Microservices: CI with LambdaCD – The underlying infrastructure (1/3)

Abstract

In the last two months, we started our journey towards a new microservices architecture. Among other things, we found that our existing CD tools were not ready to scale with those new requirements. So we tried a new approach, defining our pipelines in code using LambdaCD. In combination with a Mesos cluster we can deploy new applications after a few minutes to see how they fit into our architecture by running tests against existing services.

Part 1: The underlying infrastructure
Part 2: Microservices and continuous integration
Part 3: Current architecture and vision for the future

What is the goal for our instracture?

Virtualization became very popular in the last ten years and now it is part of many data centers in almost all companies to make better use of the given hardware. Of course we use it for applications and it is very flexible. If I need a new VM I just open an operations ticket and wait for an hour. But there is the problem. We talk about virtual machines. If it is virtual, there should be a way to get rid of the process by automation. For me as a developer it is not important to know on which physical or virtual machine my application is running which is why it would be nice to have a platform which lets me deploy my application via a simple REST API.

Overview

This first part of my article will give you the big picture of the infrastructure we use to run microservices.

Docker

Each microservice is shipped in its own Docker container and we can deploy it on any machine which has installed the corresponding runtime. You can think of Docker containers like lightweight VMs that are based on arbitrary layers. You choose a base image, e.g. Ubuntu 14.04, and add software and files you need to run your application. Each command (copy files into it, install new packages, set an environment variable, …) creates a new layer. The advantage is if I want to run my container on an other machine I only have to transfer the layers which are not already there. In the best case this is only the last layer containing your code changes.
Back to our overview, it is very nice to deploy your application in a container which requires only the Docker runtime because we don’t have to care about the underlying hardware. To run a quick test, start the container on your local machine and for the deployment, do the same on the server without preparing the server by installing packages in a special version. The only thing you need is Docker.

Mesos

Apache Mesos is an open-source project abstracting all hardware resources in your cluster.
Every slave tells the master how many CPUs, how much RAM and disk space it can offer.

mesos1The master collects all this information and acts as contact point for Mesos frameworks. At OTTO we use Marathon to run applications in the cluster. Mesos sends the collected hardware information to the framework and this selects a slave which offers the necessary hardware.

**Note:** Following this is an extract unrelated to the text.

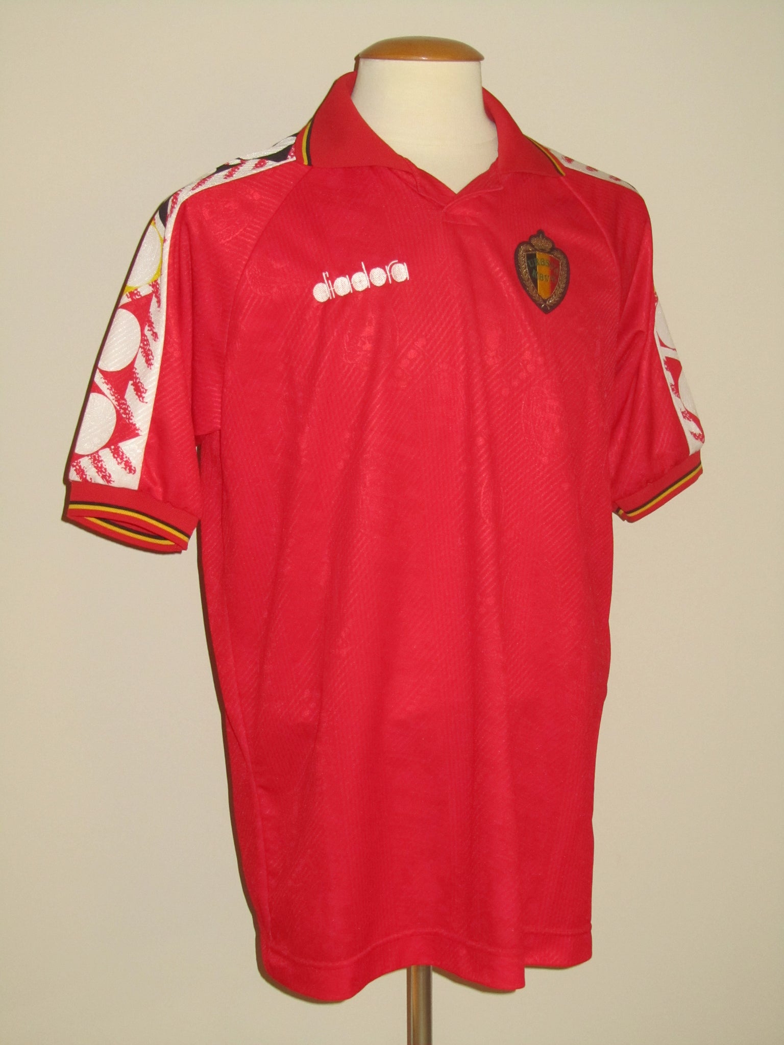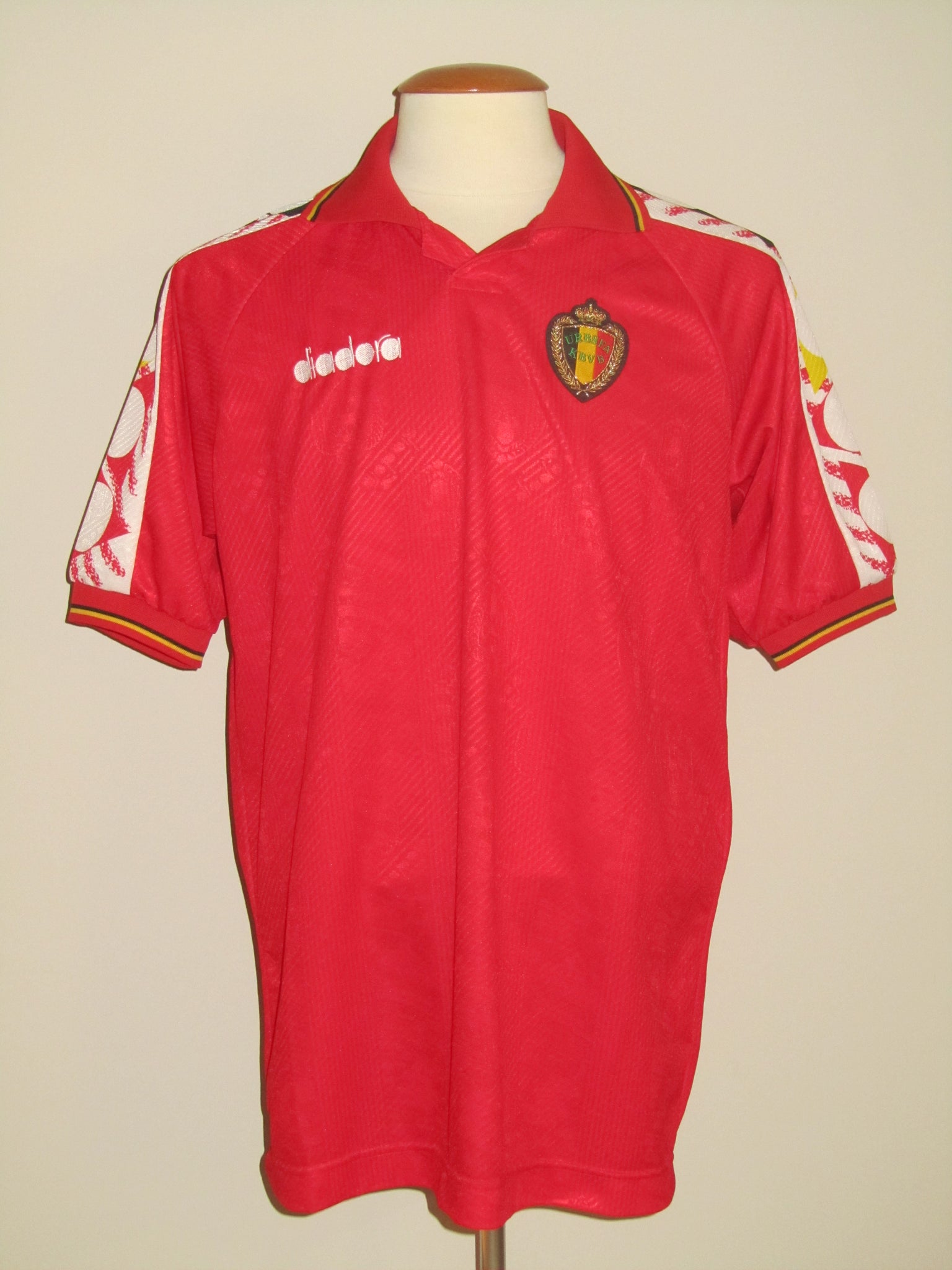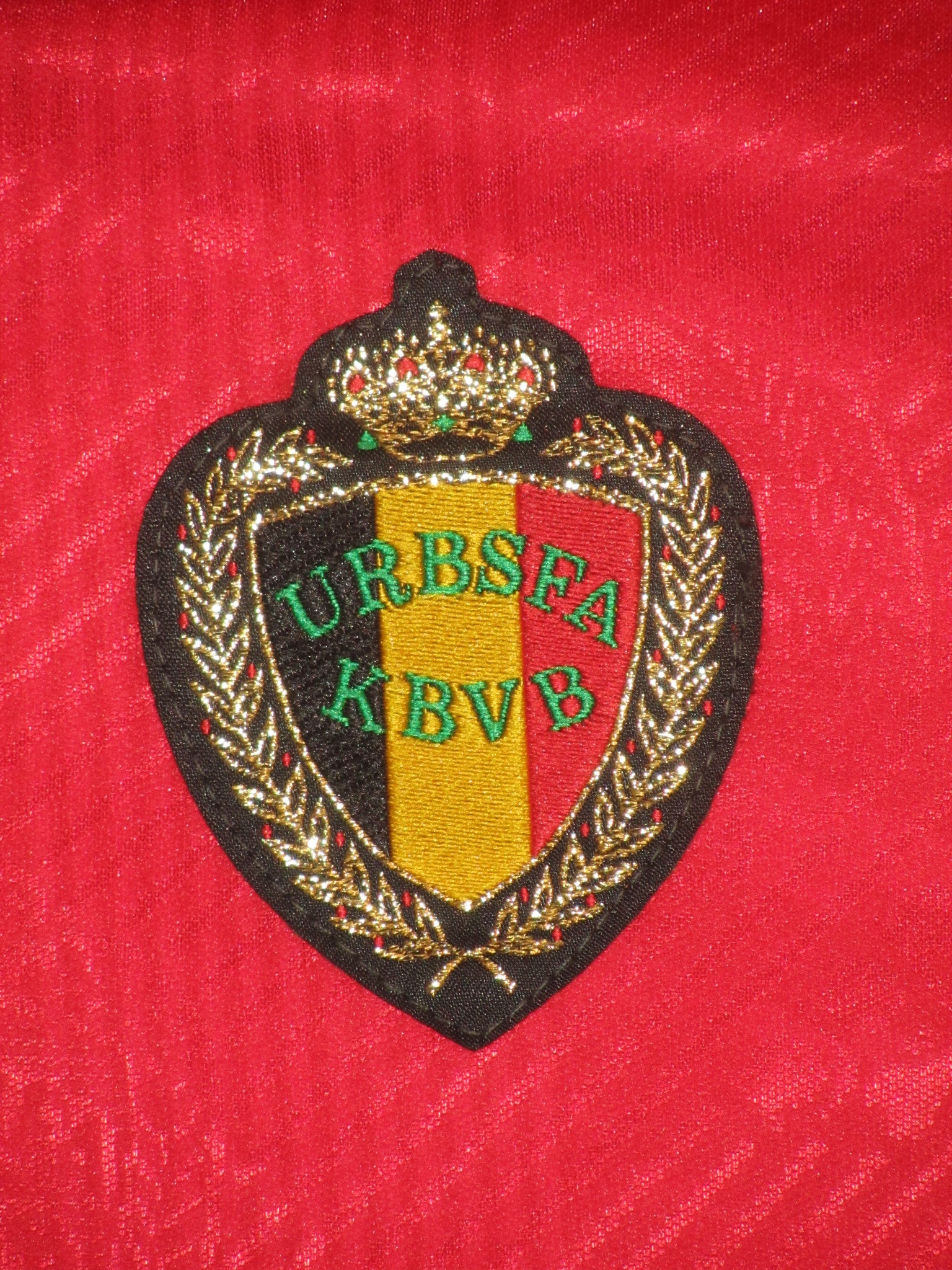 Het geborduurde KBVB embleem is opgenaaid. De Diadora vermelding is in het shirt geborduurd.
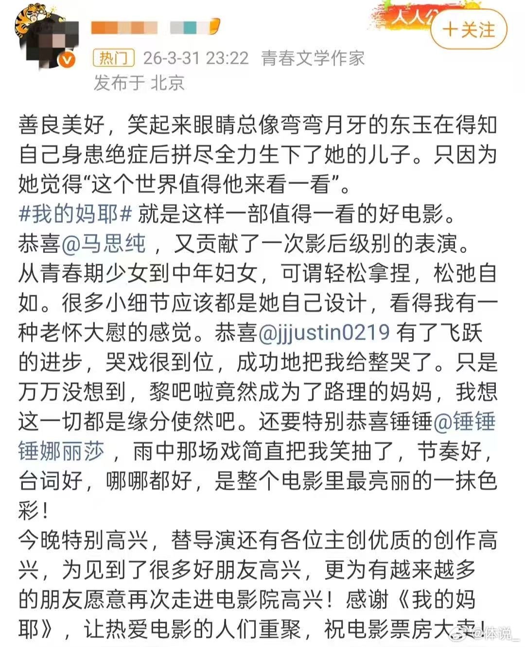 马思纯新片口碑全程笑着进场哭着离场,马思纯演技细腻,把平凡母爱演得真实动人

The Mesos master forwards the decision of the framework and the task (start Docker container with specified URL) to the slaves, which run the task and allocate the resources. Finally, the slaves send back their updated resources offer to the master.

mesos3It is important to know if you only want to run one instance of an application you can’t distribute it over different slaves. You have to choose one which has the resources you need. But if you run your applications in HA mode with more than one instance you can tell Marathon to use a different slaves for every instance. If you don’t set this option it could happen that all your instances are located on the same slave and when this one goes down your application is offline until Marathon restarts it on another slave.
One problem we encountered is that all applications running in the Mesos cluster can’t persist any data. After a restart the application can’t access the files it wrote to before. It is possible to mount a filesystem from the host but then you have to guarantee that your application is deployed to the same slave and that the same filesystem is assigned to it. To solve this problem we use databases running outside of the cluster in traditional VMs. This, however, is only a workaround for the next months.

Marathon

If you want to start an application in your Mesos cluster you can’t send your requests directly to the master. You have to use a framework which knows the protocol to understand hardware offers from the slaves and to define your task. A very popular framework to do this is Marathon which provides a user friendly API to deploy Docker containers with their hardware requirements.
For every application you have to create a JSON configuration file which defines a unique id, required resources, the URL of the Docker container, etc. Marathon stores these configuration files and you can restart an application with an old one if you notice difficulties after deployment.
To start a new application or to restart a running application you have to use the Marthon REST API or the web UI. Both have the same functionality and so we use the former for automated processes, i.e. deployments in our shell scripts, and the latter for manual processes like scaling, restarting and troubleshooting.

marathon

If your application crashes, Marathon starts it again to avoid downtimes caused by manual processes. To use this feature every application has to implement a simple service which responses to health checks. This check can respond with an error code when internal processes go wrong or when the application should restart, e.g. to reload its configuration.
Another important feature is the rolling restart. You can configure how many instances should always be running which is necessary if you want to guarantee a zero downtime deployment.

Proxy

The third component in our infrastructure is a proxy server which also acts as a load balancer.
When Marathon starts or scales an application we create a new configuration with URLs depending on the application IDs. On the slaves every public port of an application is mapped to a random port to avoid clashes.

Deployment

Let’s have a look at the deployment process to see how all components interact with each other.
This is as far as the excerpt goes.